How can a Financial Advisor Can Assist me with Lowering Tax Liability?Submitted by Parker Financial Planner | Kalamazoo Financial Advisor | St on February 11th, 2020
Earning an income comes with taxes, and your investment incomes are no different. As your portfolio grows into retirement, it’s important to consider the difference between retirement pre-tax income and retirement after-tax income. A savvy advisor will consider your future tax liabilities to be an integral part of your overall retirement strategy. After all, it’s the cash that matters!

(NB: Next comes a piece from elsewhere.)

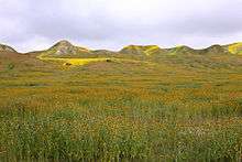 California's Central Valley was once a large temperate grassland containing native bunchgrasses and vernal pools.[12] Grizzly bear, gray wolf, tule elk, and pronghorn antelope used to inhabit the grasslands.[13] The native grasslands and pools have now been largely replaced by livestock ranches and farms.[14] The Carrizo Plain, where the native grass is preserved, is referred to as the "Serengeti of California".[15]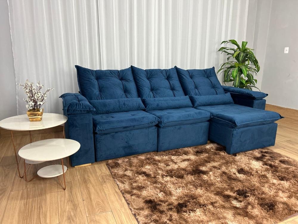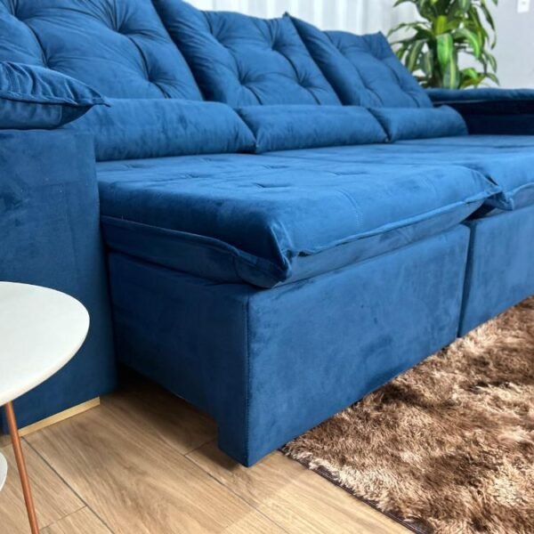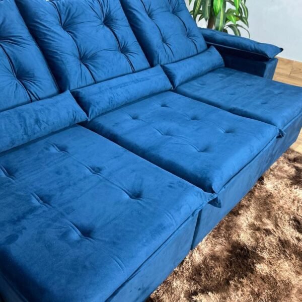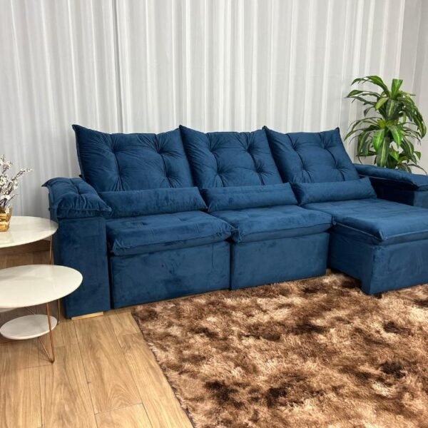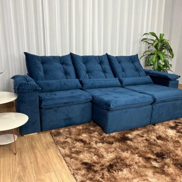 Sofá Retrátil Reclinável Atenas 2.70m – Azul Veludo

Wealthy folks typically pay much higher taxes, but they also have access to the best talent to minimize (or even eliminate) your taxes owed. The U.S. tax code is thousands of pages of legislation, court rulings, and legal interpretations. It pays to get professional help to consider tax planning long before you retire. Don’t leave tax planning to the last minute!
One of the most common ways to avoid tax is dividends. Since corporate dividends are paid from after-tax business income, governments typically tax them at a much lower rate than salary or hourly wages. If you are self-employed, you likely have a few options to move money from your business to your personal accounts. A financial advisor can help you structure your affairs to earn dividends instead of a salary. This issue is complex and depends on where you live and work. A qualified financial planner will have up-to-date information along with a knowledge of the relevant laws and conventions in your area.
Charitable donations are another common vehicle to reduce taxes as a professional financial planner. Giving money to non-profits is an honorable thing to do, but it also alleviates your tax burden. Savvy investors will often donate their securities directly to an organization — this strategy offers many benefits for tax-conscious investors. Be sure to explore these options with your advisor. If you have a charity or NGO close to your heart, consider contacting their “planned giving” or legacy advancement offices.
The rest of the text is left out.